Saturday, June 20, 2009

Latest Read: The Things They Carried

O'Brien, Tim.  The Things They Carried.  New York: Broadway, 1998.

This is a classic, and really one of my favorite books about war.  I'm not really into the non-fiction war stories, as the blood and guts and killing tends to not have any larger purpose.  But this fictionalized account tries (and I think largely succeeds) to try to create some meaning from the meaningless death that war is really all about.

The book is presented as a series of stories that the author tells about his experience as an American soldier in Vietnam.  The first story sets the theme; in an almost lyrical style he tells of the literal things the soldiers carried - everything, even the minute stuff, and also the psychological and emotional weight that they carry.  It makes a point about how what we choose t to carry (or choose not to carry) says something about us as human beings.  Our identity is caught up in our objects, and our memories.  Those that we keep and those that we discard.  But it's the act of keeping or discarding, rather than the objects themselves, that really speaks to who we are.
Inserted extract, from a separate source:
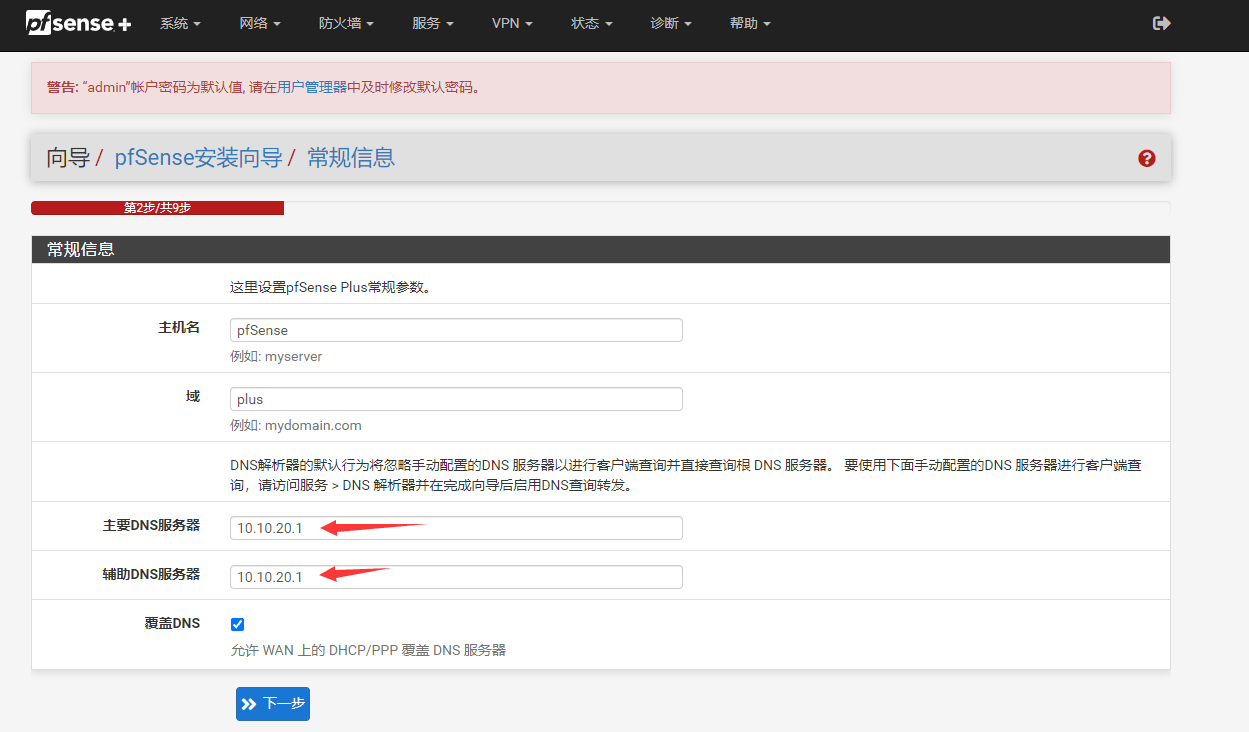 DNS改成你的上级路由地址、ISP提供的DNS或其他公共DNS,本示例使用上级路由器地址10.10.20.1。

I think we, as a culture, have gotten confused and have mistaken the objects as the true representatives of identity.  I am what I buy.  But our true identity is not in the objects that we buy, but rather in our psychological need to buy stuff in order to prove that we are better, or different, or whatever.  It's not the surface appearance that really matters.

O'Brien seems to be communicating this throughout the rest of the book.  Because it is the stories, in the end, that serve to identify the author and, by implication, all of us.  Stories of bravery, of cowardice, of survival, of saving lives and taking lives, of redemption, of loyalty, of life.